I can understand that Israelis want a reprieve from the tiny apartments and modest conditions of past decades. But I fail to understand why one's privacy and quality of life are "hurt" when a passerby gets to see the outside of one's building. Why do we have to feel that our standard of living in the private sphere can be ensured only by showing contempt for the public sphere, or by doing away with it entirely?
Sunday, May 8, 2011
A tomb with a view
What makes a playground a fun and happy place to spend time in?
Visibility, for starters.
But the folks who design playgrounds these days in Jerusalem have other priorities.
Here is a "top-secret" playground in one of Jerusalem's newer, peripheral neighborhoods:
The play-crypt ... What's on the other side of the stone wall? Why, the sidewalk, of course. Wouldn't want to expose anyone in the playground to that, would we?
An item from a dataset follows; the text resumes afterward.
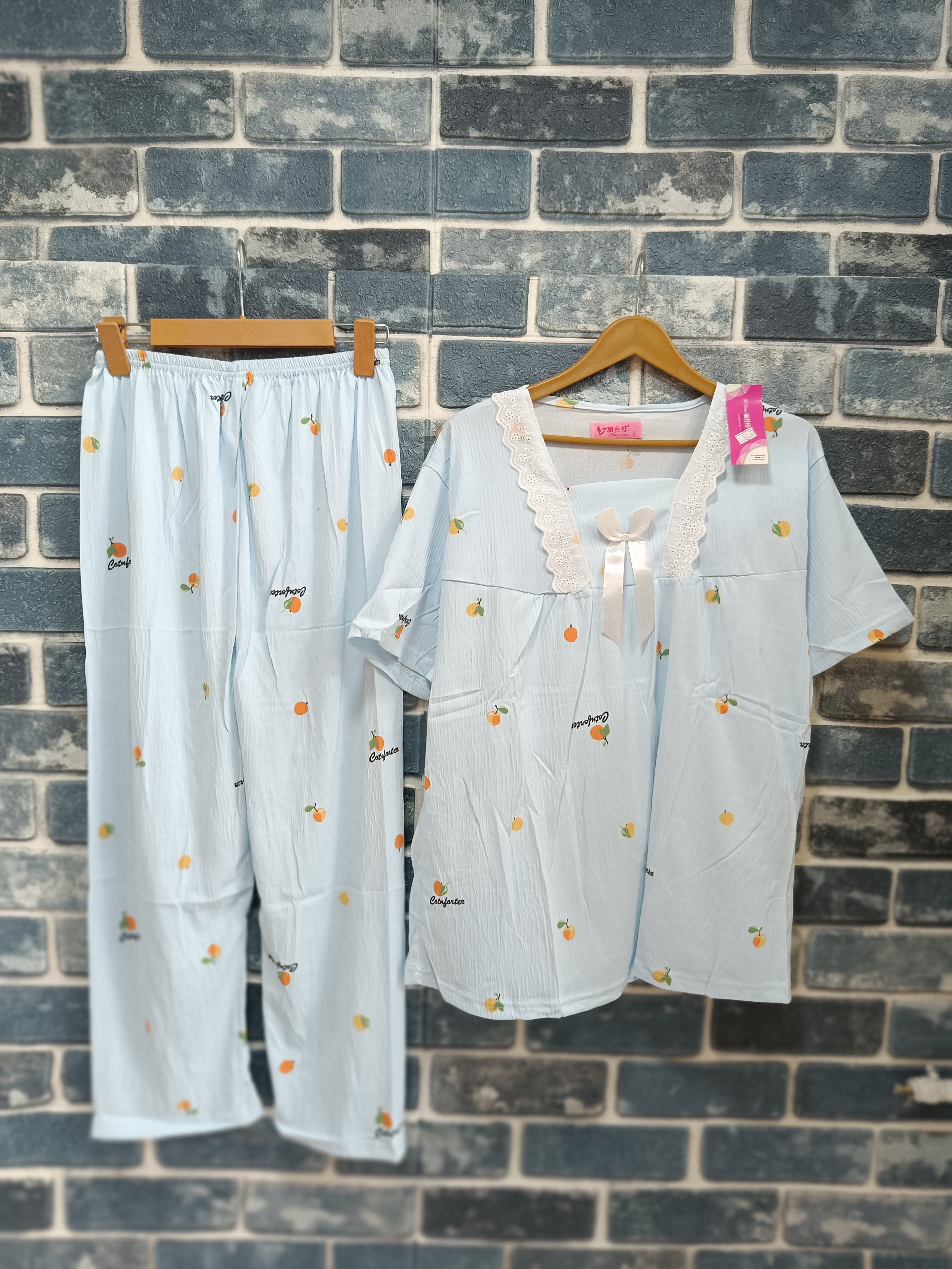 ست تیشرت شلوار زنانه پارچه نخی موسلین وارداتی کد 3020
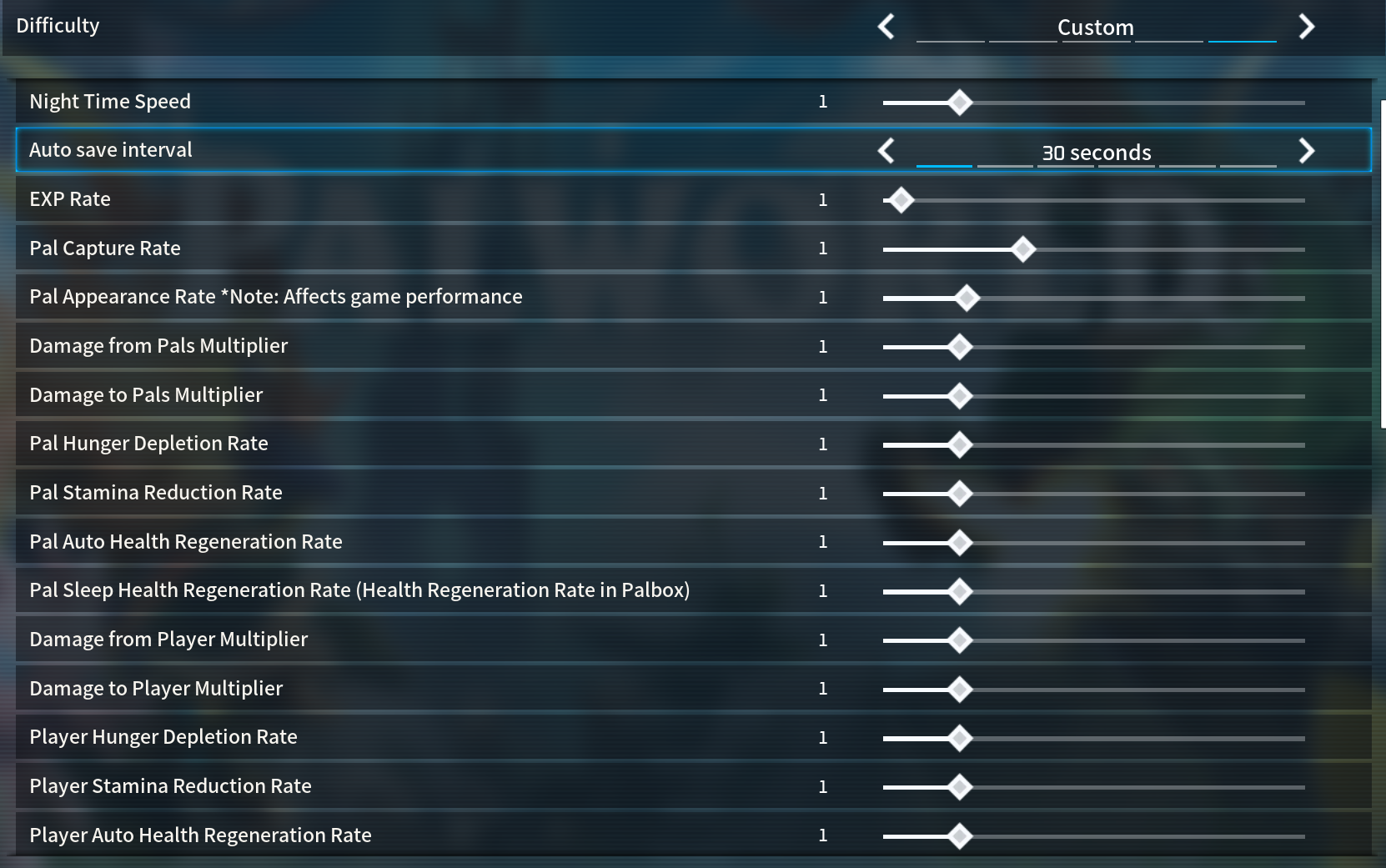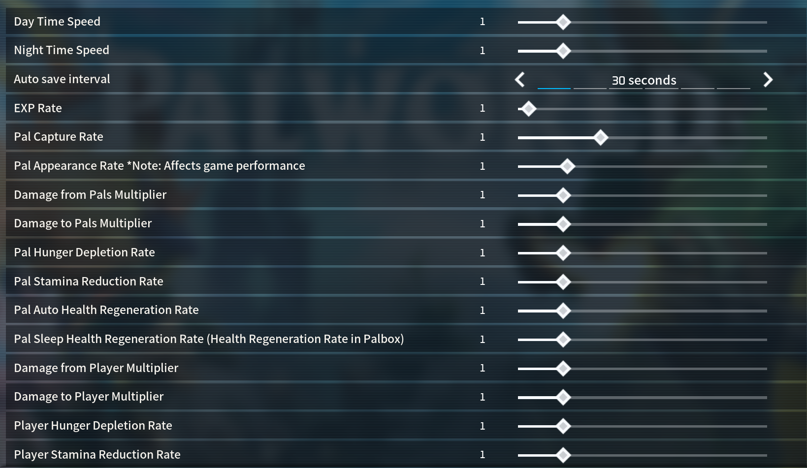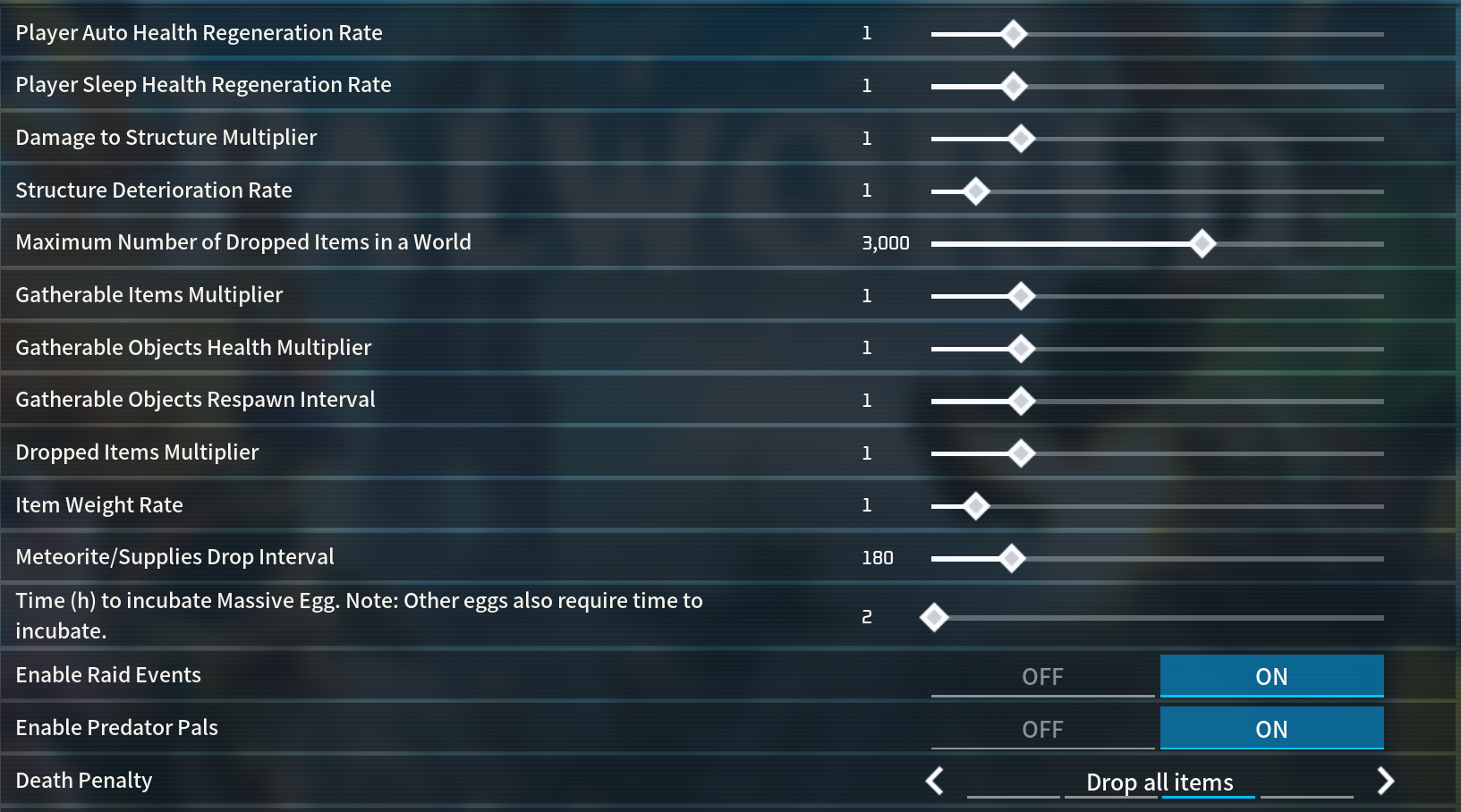 I would just leave everything at normal settings but maybe make XP go very slightly faster if anything since I remember it being slow as molasses in the endgame and increase the material gathering rate since multiplayer causes shortages for mining locations. I don't really see the need to make more pals spawn especially if it is going to cause duplicate bosses, but if it's possible to reduce their respawn timers that would be helpful

My, that bench looks inviting, doesn't it?
What's really weird is that from the other side of the playground you can see out to the far reaches of the neighborhood, and beyond:
A tomb with a view!
The new construction rules in Jerusalem seem to be:
1)If you can build a wall, do it.
2)If you can block people's view of the street in front of them, do it.
3)Force people to look out at what's far away from them. Call it "nof" ("a view"). They'll think they're getting something good, and won't miss the human-scaled view they're being deprived of.
4)Make sure to keep trees out of children's play areas. Don't just delay planting them: leave no space in which to plant them. That way you can ensure permanent shadelessness, and consequent non-use of the playground during most daytime hours.